The Haber–Bosch method of synthesizing and manufacturing ammonia from hydrogen and nitrogen (years later, it was industrialized by Carl Bosch, who was Haber’s brother-in-law) was one of the most significant technological innovations in the 20th century. Today, the Haber-Bosch method withstands the food base for about half of the world’s population.
Haber’s career would flourish, and at the beginning of World War I, the German Army asked for help from Haber to replace explosives in shells with various versions of poisonous gasses.
During the winter of 1915, Haber was successful in his efforts and from that point forward, he would become known as ‘the father of chemical warfare.’
His new chemical weapon for the Germans caused Haber’s wife to commit suicide. She was also a chemist, and many other people criticized him for his role in World War I.
Therefore, many people were shocked in disgust when in 1918, Fritz Haber was given the Nobel Prize in Chemistry for inventing the process of the synthesis of ammonia from its elements.

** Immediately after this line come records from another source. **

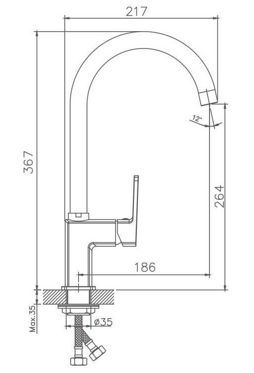 Смеситель для кухни бренда Haiba.Изготовлен из латуни.Картридж 30 мм.Укомплектован аэратором.Гибкая подводка 45 см.С поворотным изливом.
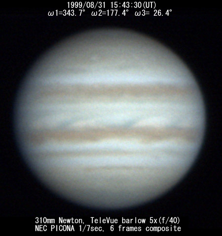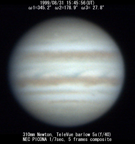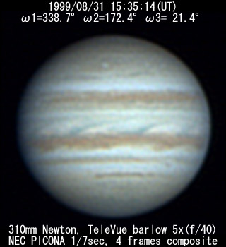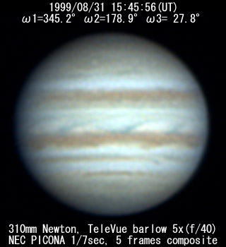 ![]() No. 72 1999/08/31 15:43:30(UT) I=343.7 II=177.4 III= 26.4 De= +3.5 E.Dia=45.44" |
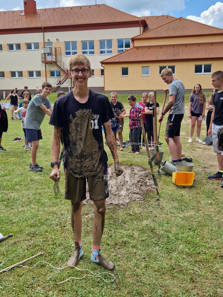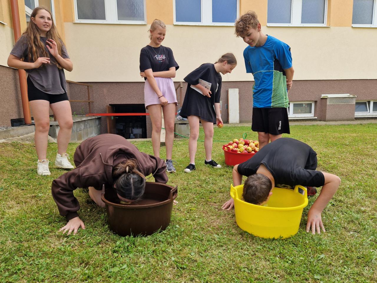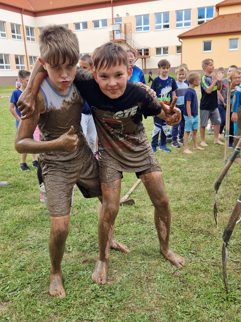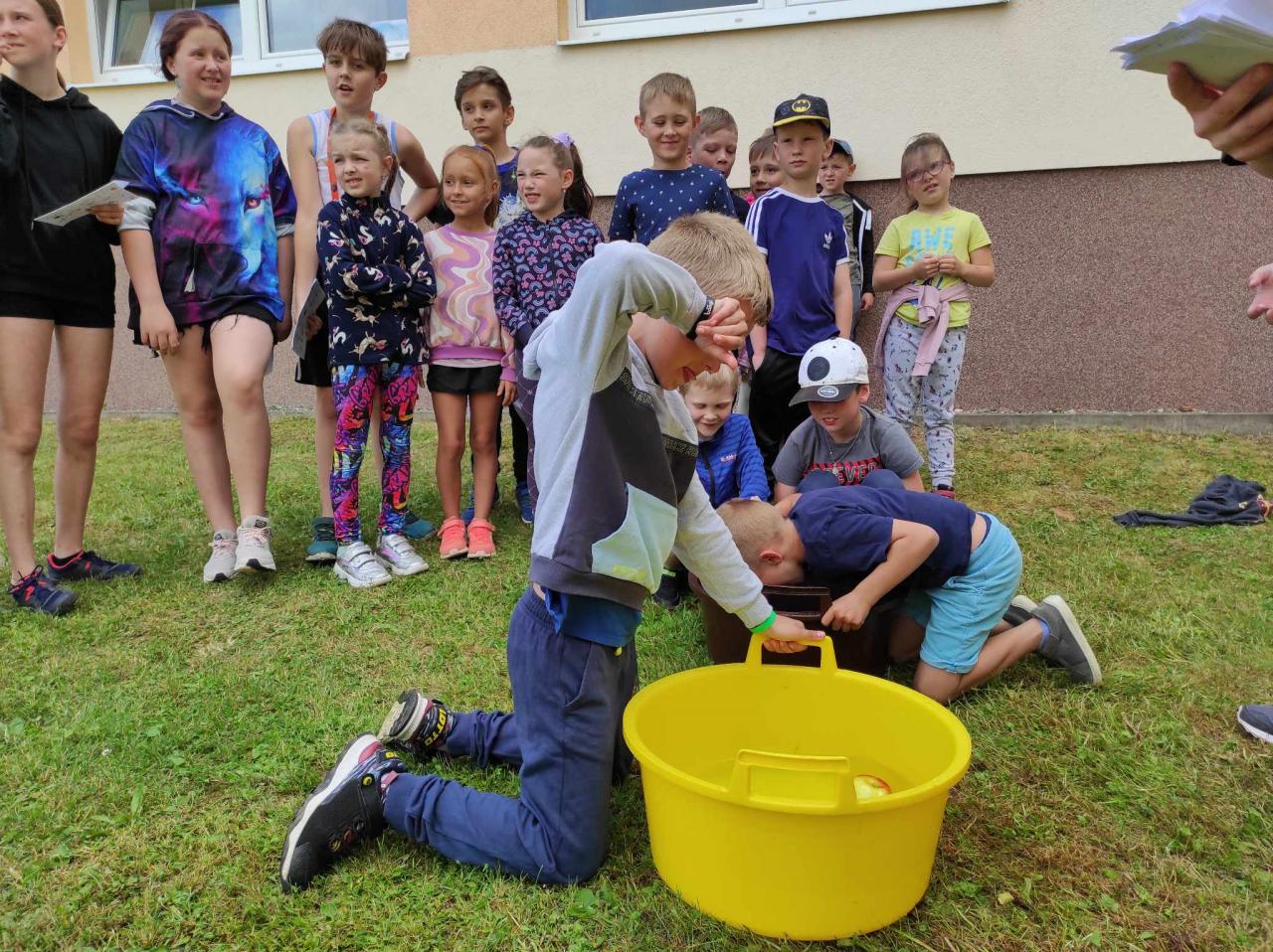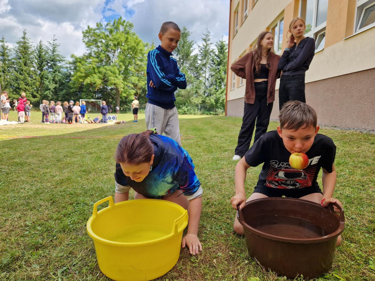 Poslední červnovou středu se děti měly možnost vyřádit na několika stanovištích v areálu školu. Vyzkoušely si například střelbu, hod míčkem, opičí dráhu, lezení v blátě či lovení jablka z vody ústy. Všichni si toto sportovní dopoledne užili!

Soon after World War I, Haber was very successful in building his empire. All was going well for Haber until 1933 when the Nazis had a mighty anti-Jewish movement forcing him into retirement. Less than a year later, he passed away a very disturbed and broken man.
Haber would never live to see World War II and the introduction of Zyklon B, the poisonous gas invented in a lab in the 1920s that would kill millions, including several Haber’s family members throughout many of the Nazi concentration camps.
Haber may be the only person ever to at the same time receive a Nobel prize and be tried for war crimes against humanity.